It will be appreciated that the compositions of the invention may be formulated in accordance with known procedures. In particular, the skilled person is directed to the contents of WO 2005/105043 which provide a detailed description of how stable formulations containing glycopyrrolate may be prepared. In particular, formulations may be prepared which are stable for a period of at least 1 year, such as a period of at least 2 years and in particular a period of at least 3 years.


The stability of a composition should be indicated by consistent dispersability of the powder over these periods, which may, for example, be measured in terms of a consistently good fine particle fraction or fine particle dose over time. In one embodiment of the stable composition, the fine particle fraction (<5 μm) is consistently greater than about 30% over a period of at least 1 year, at least 2 years or at least 3 years when stored at normal temperatures and humidities for pharmaceutical products. In another embodiment of the invention, the fine particle fraction (<5 μm) is consistently greater than about 40% over a period of at least 1 year, at least 2 years or at least 3 years. In one embodiment, the fine particle fraction (<5 μm) is consistently greater than 30% or greater than 40% when the formulations are stored under standard testing condition's, such as 25° C./60% RH, 30° C./60% RH, 40° C./70% RH or 40° C./75% RH.

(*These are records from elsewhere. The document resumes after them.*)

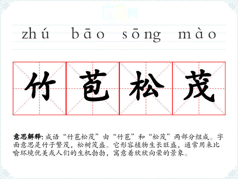 成语“竹苞松茂”由“竹苞”和“松茂”两部分组成。字面意思是竹子繁茂,松树茂盛。它形容植物生长旺盛,通常用来比喻环境优美或人们的生机勃勃,寓意着欣欣向荣的景象。
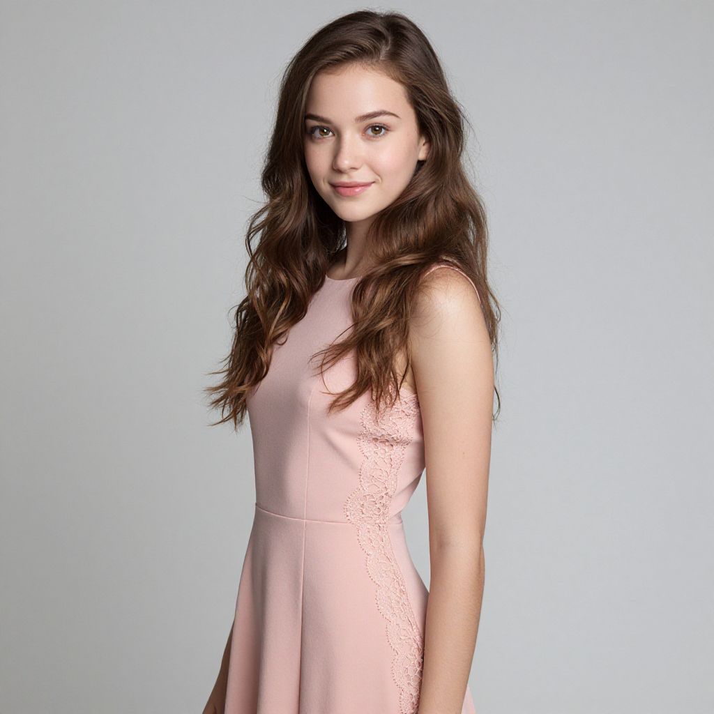 A young woman with long wavy hair wearing a vintage-inspired red dress with white buttons and a white collar stands against a wooden wall background. The soft lighting highlights her serene expression and the warm tones emphasize a rustic, timeless aesthetic.
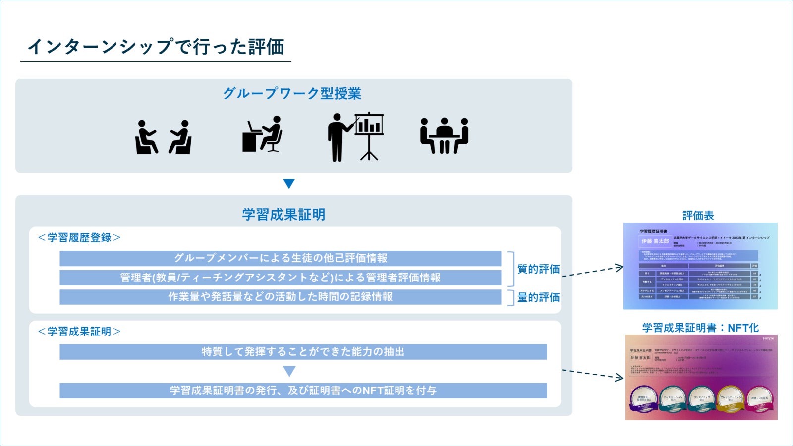 同学と共同開発した学習成果証明システムを利用することで、ディスカッション能力やプレゼンテーション能力、分析能力といった定量的に図りにくい非認知能力を評価することができ、最終的な5つの評価項目の内、得点の高い項目については評価した能力を担保するために学習成果証明書としてNFTで発行。
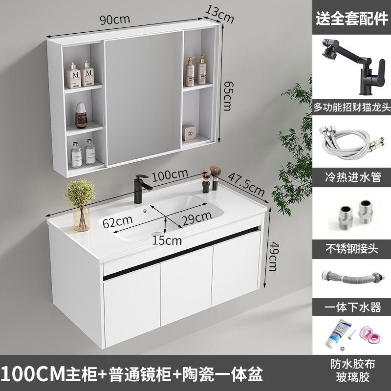 100cm ordinary mirror cabinet ceramic integrated basin [White honeycomb aluminum]
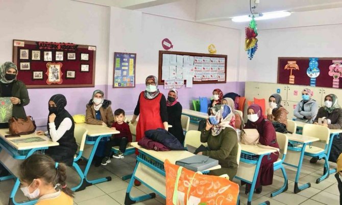 Samsun Bafra Cumhuriyet İlkokulunda sınıf öğretmeni Şerife Durmaz tarafından düzenlenen etkinlikte "ebru sanatı" veli ve çocukların ilgi odağı oldu.
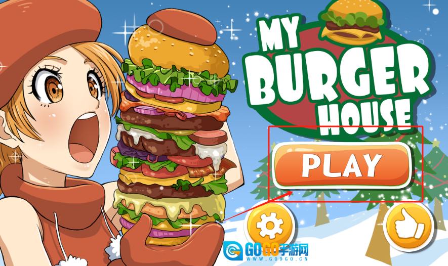 1、点击橙色的PLAY按钮,即可进入MY BURGER HOUSE汉堡店游戏开始游玩。
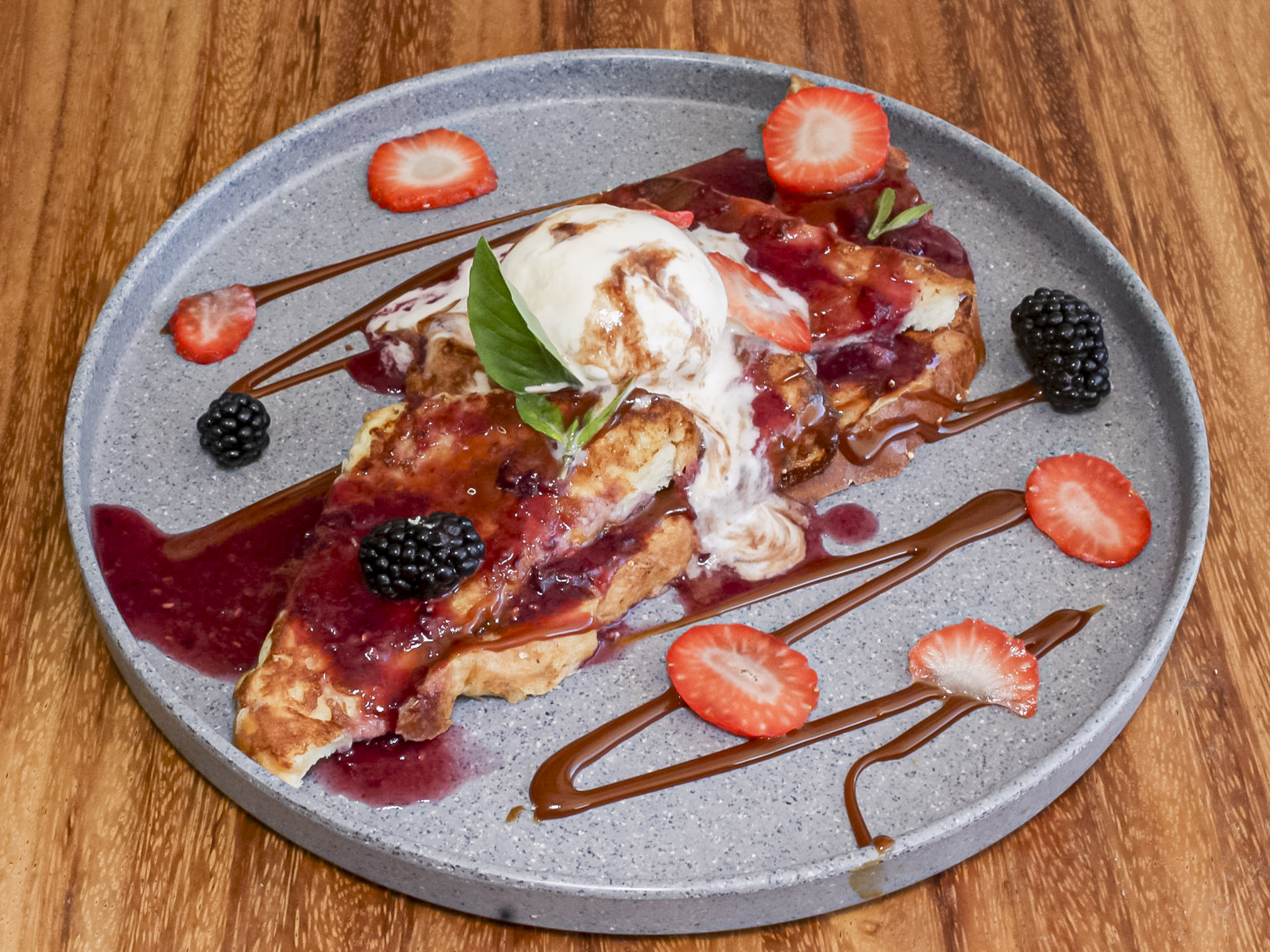 (Especialidad de la casa) 2pzas. Coronadas con un cremoso de café, frutos rojos frescos y nieve.
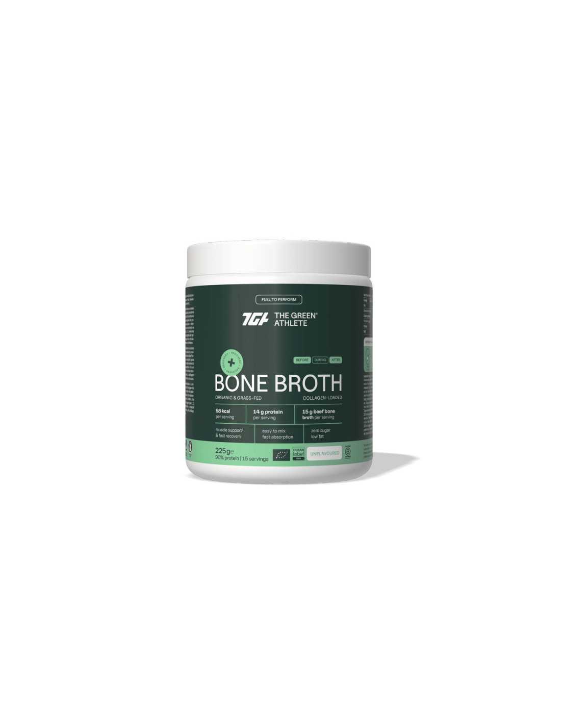 El Caldo de Hueso de Res Bio de Green Athlete es un aislado de proteína premium procedente de vacas alimentadas con pasto en Escandinavia. Con un 90% de proteína y libre de alérgenos, es una excelente fuente de proteínas completas y colágeno natural tipo 1, 2 y 3, fundamentales para la salud del tejido conectivo, articulaciones y músculos.
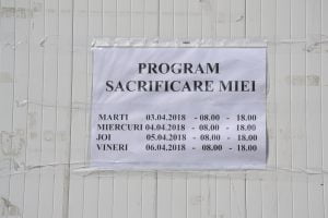 Animalele sunt sacrificate pe loc de către măcelari autorizaţi, care însă sunt nemulţumiţi de faptul că taxa pentru un miel a fost majorată în acest an, ajungând la 10 lei, faţă de 3 lei cât era anul trecut. „Taxa pentru un miel e de 10 lei anul acesta, în vreme ce anul trecut era de doar 3 lei, deci practic s-a triplat. După ce că plătim circa 500 de lei pentru autorizaţie, iar condiţiile sunt cele care se văd” a spus unul dintre măcelarii autorizaţi să sacrifice mieii în piaţa de pe strada Tărpiului.
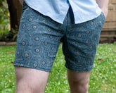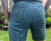 Sea Blue Japanese Fans Print Cotton Shorts - Made in USA
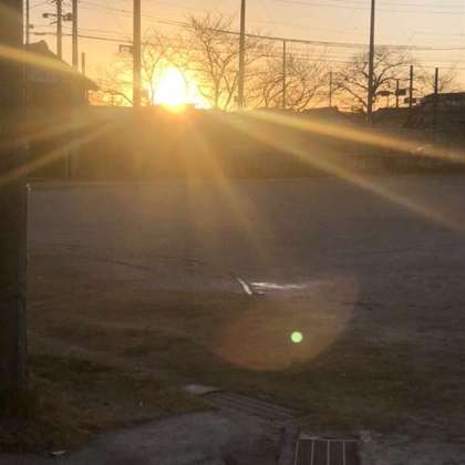眩しい朝日の中、部活に参加する生徒は登校し、準備を始めています、
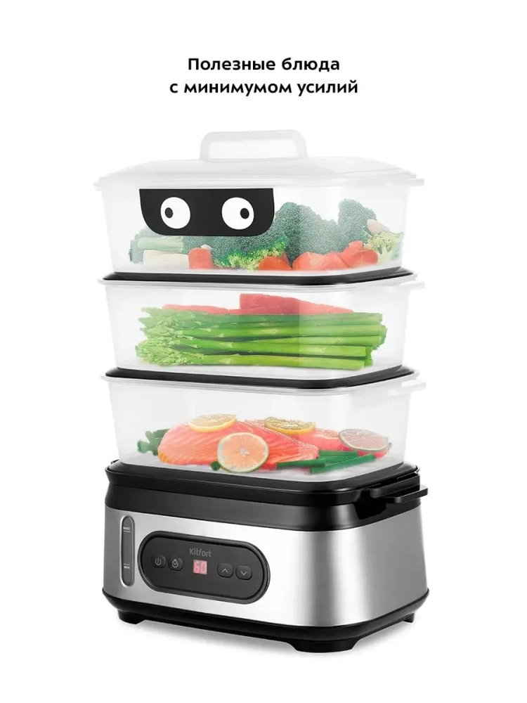 Пароварка Kitfort КТ-4082 приготовит вам вкусные и питательные блюда, сохранив все полезные витамины и микроэлементы, содержащиеся в продуктах. Продукты, приготовленные в пароварке, получаются нежными, мягкими и сочными. Пароварка станет надежным помощником для всех, кто питается диетическими блюдами и просто беспокоится о правильности своего питания.
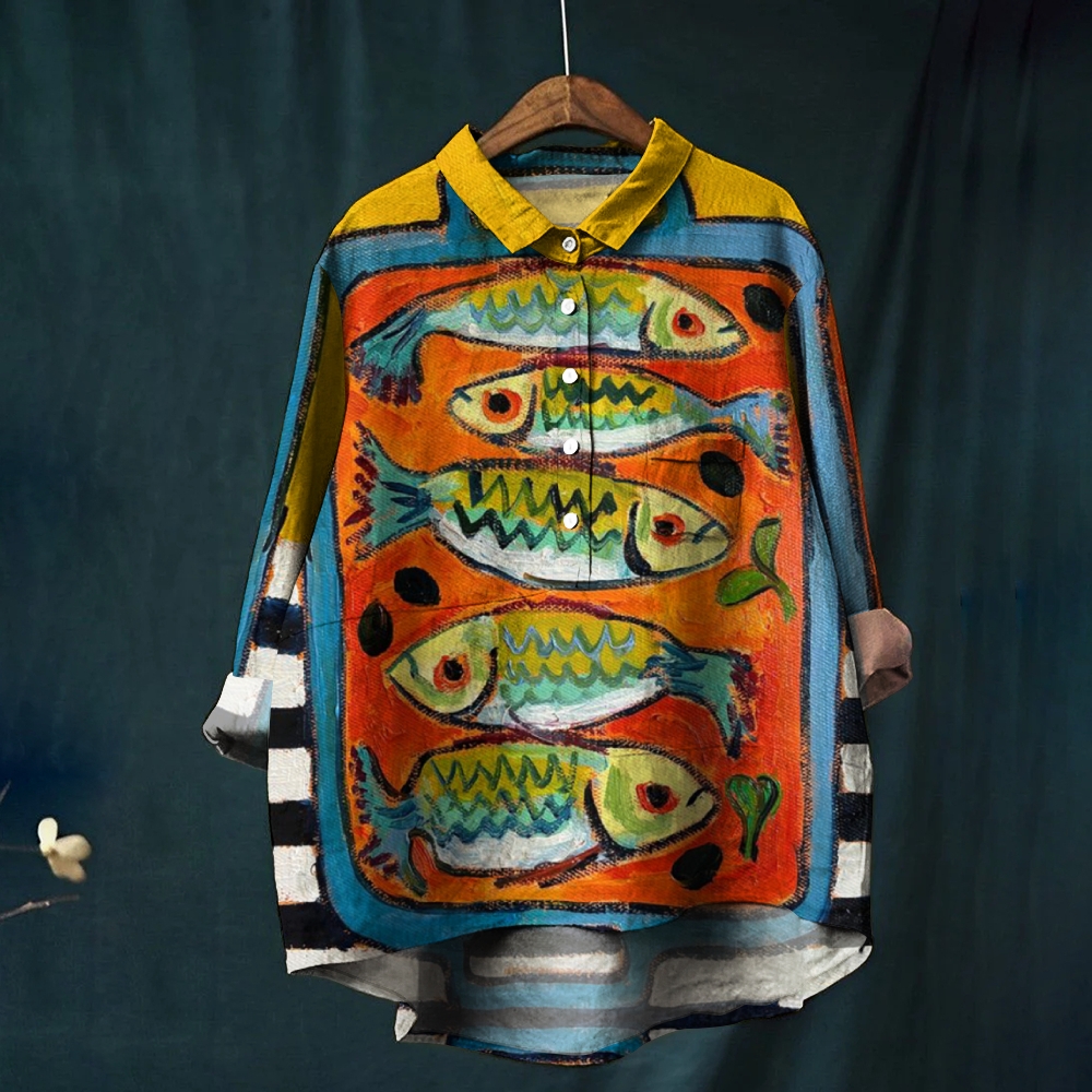 Women's Vintage Fish Printed Casual Long Sleeve Shirt
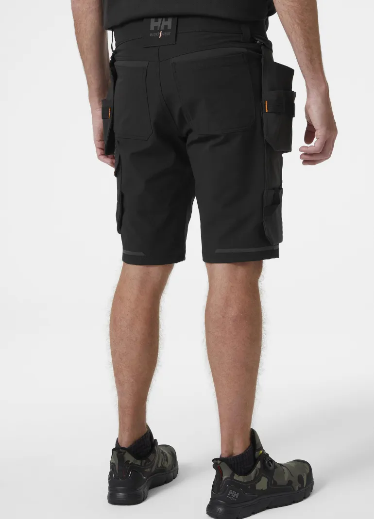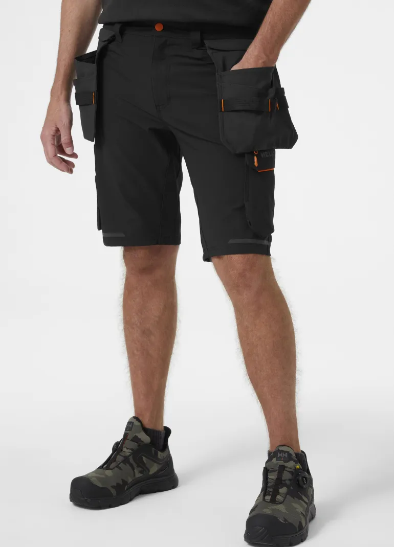 Kensington-rakennustyöshortsit kevyttä ja kestävää neljään suuntaan joustavaa kangasta. Vetoketjulliset, irrotettavat Cordura®-riipputaskut, joissa kaksinkertainen pohja ja kestävät nailontyökalulenkit. Heijastavat yksityiskohdat.
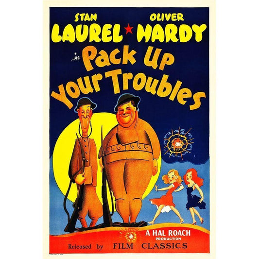 Laurel and Hardy - Pack Up Your Troubles, 1932 Black Modern Wood Framed Art Print by Hollywood Photo Archive
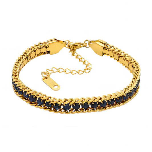 Ατσάλινο βραχιόλι ριβιέρα με σκούρες μπλε πέτρες (B3492)
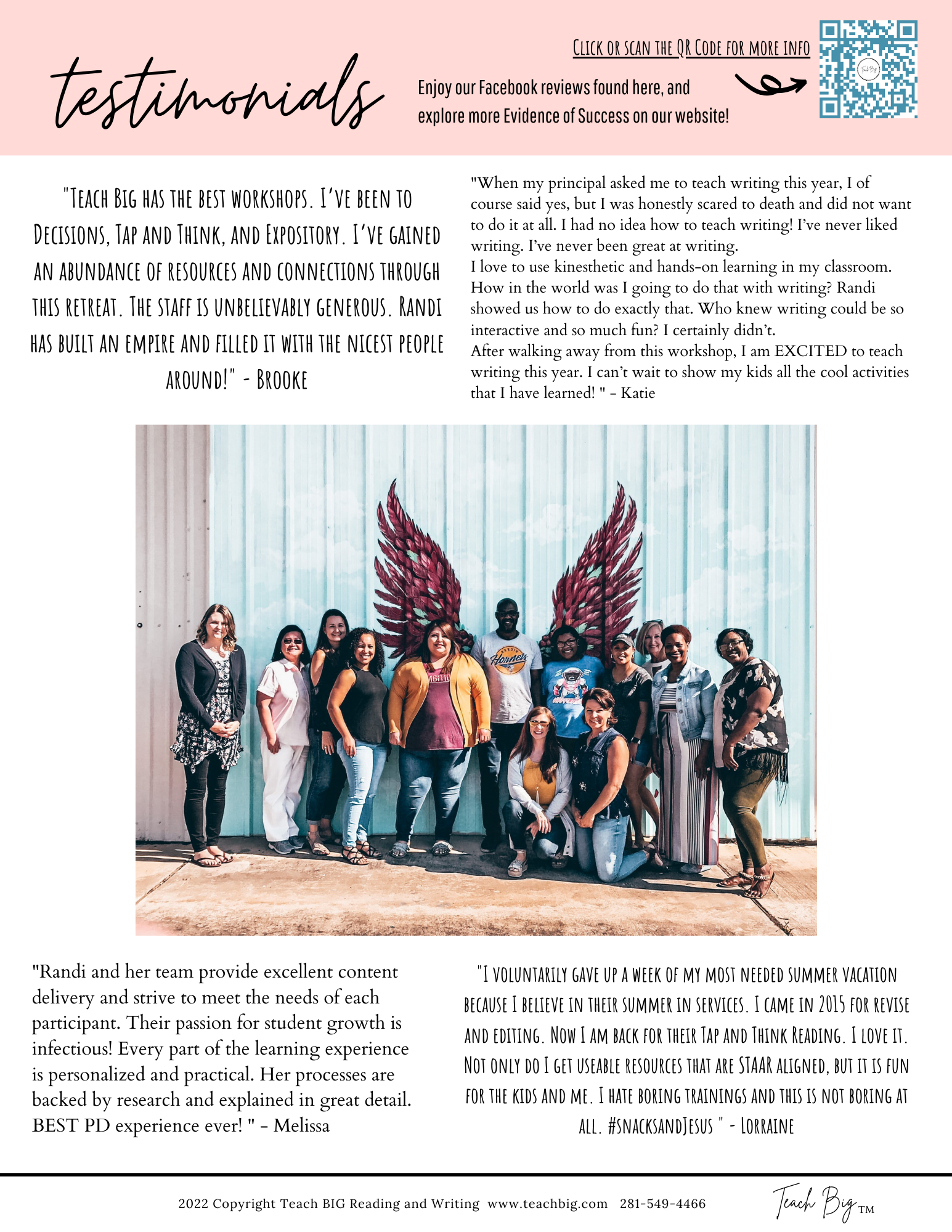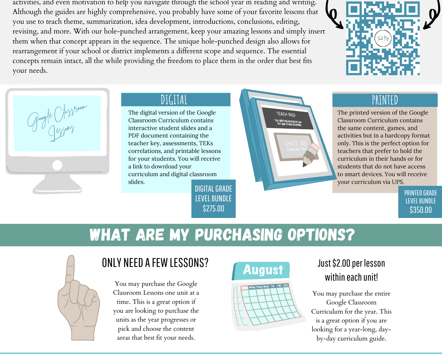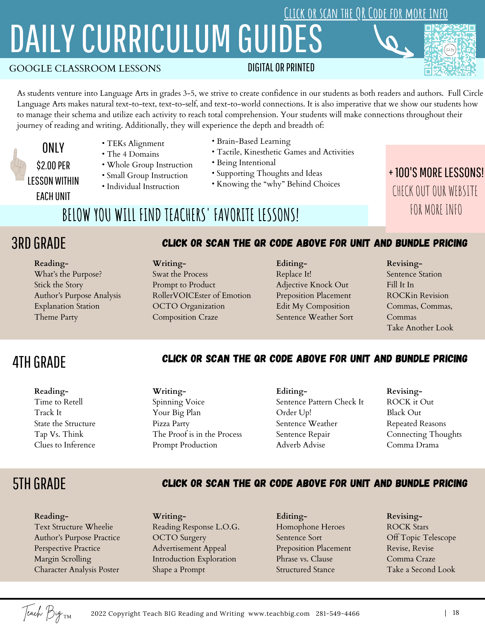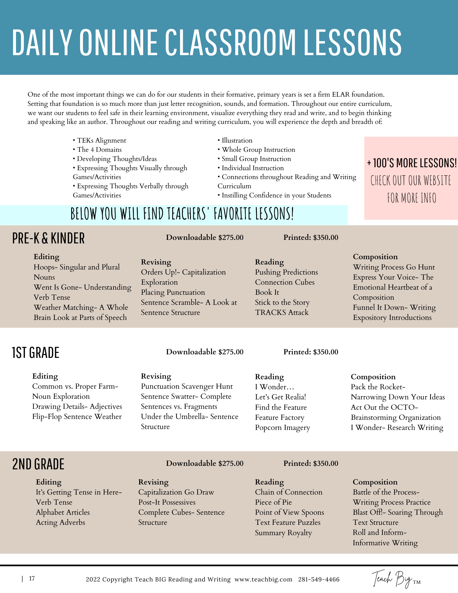 We want to make every aspect having Teach BIG in your classroom attainable and easy. Whether you are needing printed agendas for conferences, descriptions of services and products, or grant-writing information, this is the tab for YOU!!

In one embodiment of the stable composition, the fine particle fraction of the dry powder formulations is consistently at least about 30%, at least about 40%, at least about 50%, at least about 60%, at least about 70% or at least about 80%.


In one embodiment of the stable composition, the fine particle dose of the dry powder formulations is consistently at least about 30%, at least about 40%, at least about 50%, at least about 60%, at least about 70% or at least about 80%.


In another embodiment of the stable composition, the dry powder formulations are packaged for storage and/or delivery by a dry powder inhaler and the packaged formulations are stable for at least 1, 2 or 3 years when stored at normal temperatures and humidities, i.e. the packaged formulations or products comprising the formulations do not have to be stored in a controlled environment in order to exhibit the desired stability.


As the instability of the conventional glycopyrrolate formulations appears to be due to moisture absorption, there are a number of measures which are proposed to increase stability.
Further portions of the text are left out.